Beijing Travel Guide
You haven’t really been to China if you haven’t seen Beijing. More than just the country’s capital city, Beijing is the political, economic, cultural, educational and international trade and communication center of the nation. The city is also one of the world’s great ancient capitals as it houses some of the finest remnants and relics of China’s imperial past. Beijing’s primeval treasures stand in stark contrast with its impressive skylines, vibrant neighborhoods and booming districts. These give the city a complex yet compelling character that makes Beijing an energetic hodgepodge of culture, tradition, development and modernity.
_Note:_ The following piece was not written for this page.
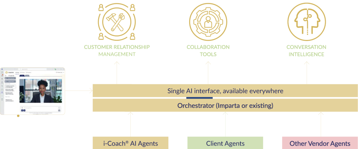 - An orchestrator (either Imparta’s or an existing enterprise AI orchestrator) to ensure all agents work together, sharing context and providing consistent, adaptive support wherever the user is working, who can connect to:

With all these said, it’s actually a must to spend a couple of days or more in Beijing. The question is, where to start? There’s a variety of places to see and explore in this part of China – from the world famous Great Wall and Forbidden City down to quaint hutongs and hidden temples. My two days weren’t enough to travel around the city, but we still managed to get a feel of the place, its people and the culture after checking out some remarkable spots and under-the-radar districts.
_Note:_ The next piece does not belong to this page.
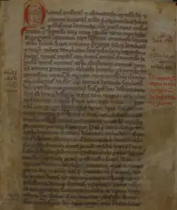 Later manuscripts do, however, use the term c(h)ronicon and its variant, c(h)ronica.[3] The earliest is manuscript P, which contains the title De captione Jerusalem (On the capture of Jerusalem) added to the margin by a late medieval hand. The same manuscript also contains the more conventional title Cronica de terra sancta added by a modern hand.[4] In the 16th or 17th century, somebody added the title Chronicon terrae sanctae expugnatae a Saladino (Chronicle of the Holy Land captured by Saladin) to manuscript V, which was copied also in V2.[5][6] V3, on the other hand, entitles it Chronica de Captione Jerusalem a Sarracenis (Chronicle of the capture of Jerusalem by the Saracens).[7] In the 17th or 18th century, the title Cronicon terrę sanctę was added to manuscript A, probably by Bishop Thomas Tanner.[8]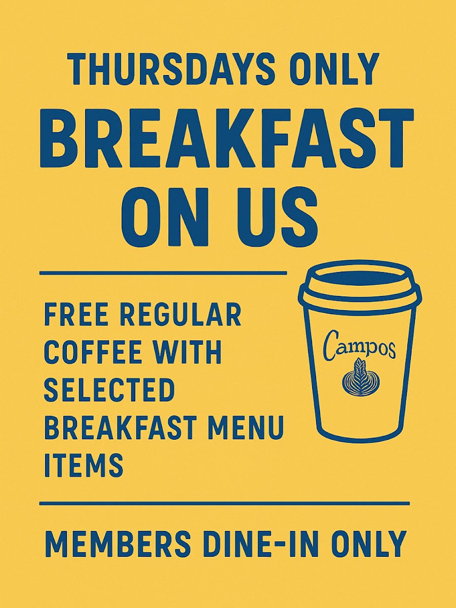 The beverage menu emphasizes espresso bar offerings with expertly prepared Campos coffee and a variety of drinks suitable for coffee breaks or accompaniment to meals. The menu supports quick orders as well as casual sit-down dining, accommodating a range of customer needs throughout the day.

This is perhaps one of the most popular destinations in Beijing for being the best-preserved imperial palace in China and the largest ancient palatial structure in the world. The Forbidden City, having housed 24 emperors during the Ming and Qing dynasties, reflects the essence and culmination of traditional Chinese architectural accomplishment. The grand temples, deluxe halls and splendid structures inside its walls exude authentic magnificence. It was named Forbidden City because ordinary people were prohibited to enter such a divine place, unless they have special permission from the emperor. The scenario inside the Forbidden City is nothing like its name though. Locals and tourists are everywhere. If ever you grow tired of the crowd (which will eventually happen), you can head to the peripheral courtyards for a pleasing escape.
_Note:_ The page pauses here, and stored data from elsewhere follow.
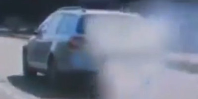 Naime, njegov automobil samo što se nije zapalio, dim kulja na sve strane, a on i dalje vozi kao da ga se to uopšte ne tiče.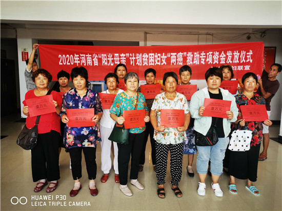 據(jù)悉,此次發(fā)放的公益金來自于河南省陽光母親貧困婦女兩癌救助金。其救助對象是經(jīng)過有檢查資質(zhì)的醫(yī)療機(jī)構(gòu)確診、患有宮頸癌ⅡB以上或浸潤型乳腺癌的農(nóng)村貧困婦女,救助標(biāo)準(zhǔn)為每人一次性救助1萬元。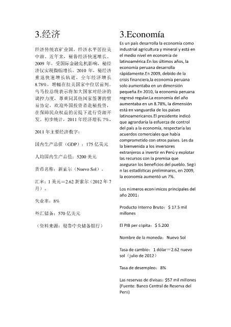 中游。近年来,秘鲁经济快速增长。 el medio nivel en economía de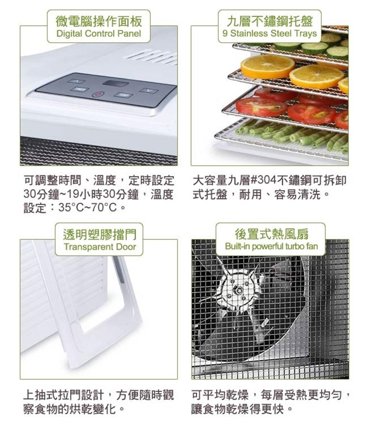 ◆ 透明塑膠擋門,方便觀察食物的烘乾變化

Another remarkable attraction is the Tiananmen Square, the world’s largest public square, located at the center of Beijing. Visitors can get to see the Tiananmen Tower, Monument to the People’s Heroes, Chairman Mao Zedong Memorial Hall, the Great Hall of the People, and, if you get up early, the national flag raising ceremony. This morning ritual is performed by a troop of People’s Liberation Army soldiers trained to march at precisely 108 paces per minute. We weren’t able to walk on the square’s grounds due to the energy-draining heat so we just viewed it from the big windows of the hop-on-hop-off bus. 1950s Soviet-style buildings ringed by white perimeter fences can be seen from afar.
Temple of Heaven Park
This masterpiece of architecture and landscape design is considered as the most holy of Beijing’s imperial temples. The Temple of Heaven Park resembles a tranquil oasis of peace and methodical Confucian design where the emperor used to perform solemn rites and prayers for prosperity. The best time to visit this UNESCO World Cultural Heritage site is early morning for an interesting experience of watching older locals do their morning exercise, practice tai chi or sing songs. We were there late afternoon, thus the chance to go inside the temple was gray. We settled to watching the sights and scenes happening inside its long walls which, for me, were just as amusing.
Great Wall in Mutianyu
Who doesn’t know China’s famed Great Wall? If you’re left with only a day in Beijing, I’d say make visiting the Great Wall your top priority. It is China’s greatest engineering triumph and must-see sight, and the experience of hiking it can leave you lost for words. The Great Wall of China runs over 342 miles and has about 827 city wall platforms, 71 passes and countless towers. The section nearest Beijing (and most crowded) is Badaling. We wanted to avoid the flock of tourists so we went to Mutianyu instead. It was a good choice as this section of the wall gives better views and excellent cultural experience. The wall is impressive and manageable, with watchtowers tensely distributed along it. The crowd wasn’t as big as what we expected, plus the surrounding natural scenery is breathtaking.
After all the temple-hopping and sightseeing around Beijing, it would be nice to do some shopping or food tripping in one of China’s most famous shopping districts. Wangfujing is one exciting place to cap off the day with large upscale shopping malls, trendy boutiques, small shops, various restaurants and eats lining the street. Visitors can shop for all kinds of finds – from paintings and traditional Chinese arts and crafts down to clothes, apparel and more. Food choices are also aplenty as restaurants serve a wide range of cuisine, be it fastfood, peking duck, Western dishes or dessert. We found a shake kiosk somewhere in the middle of Wangfujing and sipped on some freshly-made yogurt shake while watching people pass by.
Beijing is a city with a lot to offer, be it about culture, food, people, entertainment or art. SImply walking around local neighborhoods and districts would give one a sense of wonder on the remarkable contrast of ancient times and modern transformation present in China’s capital city.